Function Calling Types
public struct LeapFunction {
public let name: String
public let description: String
public let parameters: [LeapFunctionParameter]
}
public struct LeapFunctionParameter {
public let name: String
public let type: LeapFunctionParameterType
public let description: String
public let optional: Bool
}
public indirect enum LeapFunctionParameterType: Codable, Equatable {
case string(StringType)
case number(NumberType)
case integer(IntegerType)
case boolean(BooleanType)
case array(ArrayType)
case object(ObjectType)
case null(NullType)
}
The parameter type wrappers (StringType, NumberType, etc.) let you attach descriptions and enumerations so that JSON schemas accurately describe your tools. See the Function Calling guide for in-depth usage patterns.
Errors
Errors are surfaced as LeapError values. The most common cases are:
LeapError.modelLoadingFailure: Problems reading or validating the model bundle.LeapError.generationFailure: Unexpected native inference errors.LeapError.promptExceedContextLengthFailure: Prompt length exceeded the configured context size.LeapError.serializationFailure: JSON encoding/decoding problems when working with chat history or function calls.

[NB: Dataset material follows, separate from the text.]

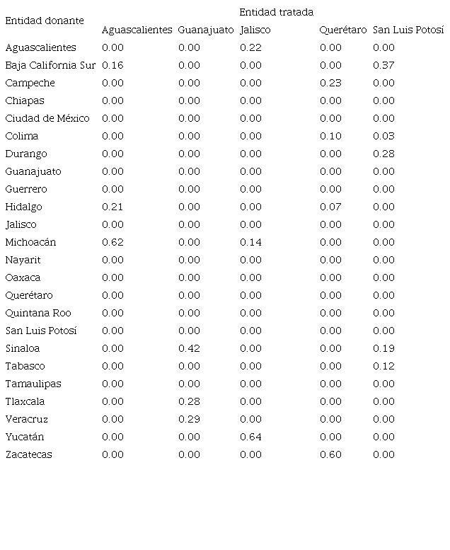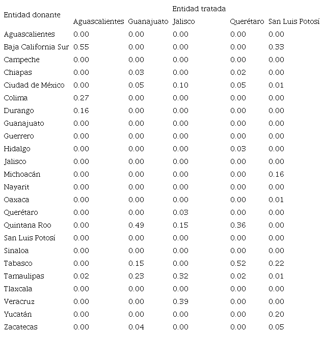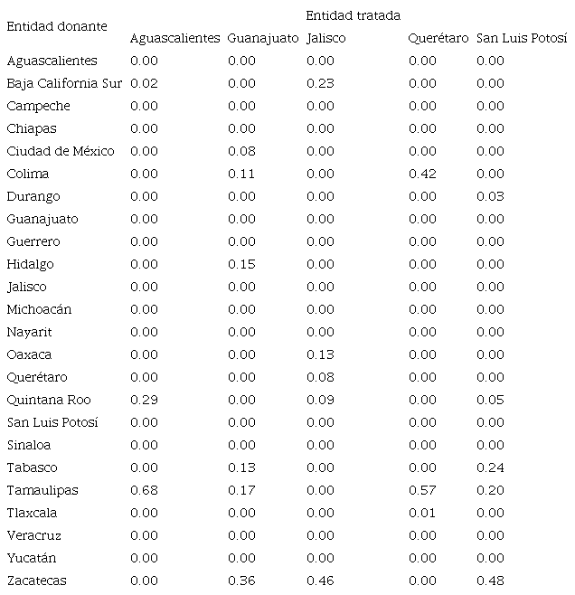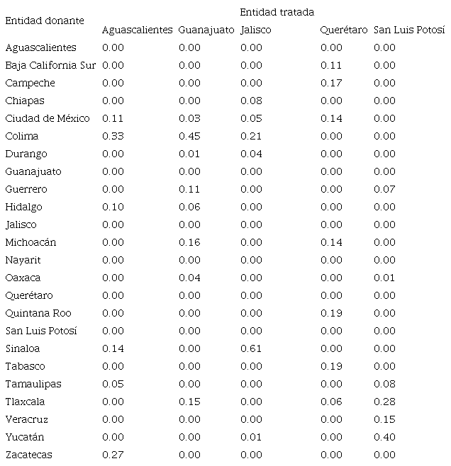 Es importante tener en cuenta que el grupo de control o de donantes incluye tanto a los territorios por fuera del Bajío,8 como a las entidades territoriales del Bajío, que aún no han sido tratadas en el momento en que otro estado de la región recibe la intervención. Es decir, Jalisco, el primer estado en recibir el tratamiento, puede tener en su grupo de donantes a todos los territorios por fuera del Bajío, al igual que los demás estados del Bajío. Sin embargo, Jalisco no puede ser control de los otros territorios que reciben el tratamiento después, debido a que cuando los demás entran al tratamiento Jalisco ya habrá sido tratado. Aunque el grupo de donantes puede variar dependiendo de la unidad tratada, los ponderadores no son dinámicos en el tiempo, es decir, los donantes son fijos en el tiempo. Lo anterior, aunque limita el número de donantes potenciales, asegura que los contrafactuales estimados no tengan variación falsa o espuria a lo largo del tiempo ante los cambios en la composición del grupo de donantes (Ben‑Michael et al., 2021).

Handle thrown errors with do / catch when using async streams, or use the onErrorCallback in the lower-level API.
Putting it together
let runner = try await Leap.load(url: bundleURL)
let conversation = runner.createConversation(systemPrompt: "You are a travel assistant.")
conversation.registerFunction(weatherFunction)
var options = GenerationOptions(temperature: 0.8)
try options.setResponseFormat(type: TripRecommendation.self)
let userMessage = ChatMessage(
role: .user,
content: [.text("Plan a 3-day trip to Kyoto with food highlights")]
)
for try await response in conversation.generateResponse(
message: userMessage,
generationOptions: options
) {
process(response)
}
Refer to the Quick Start for end-to-end project setup, Function Calling for tool invocation, and Constrained Generation for structured outputs.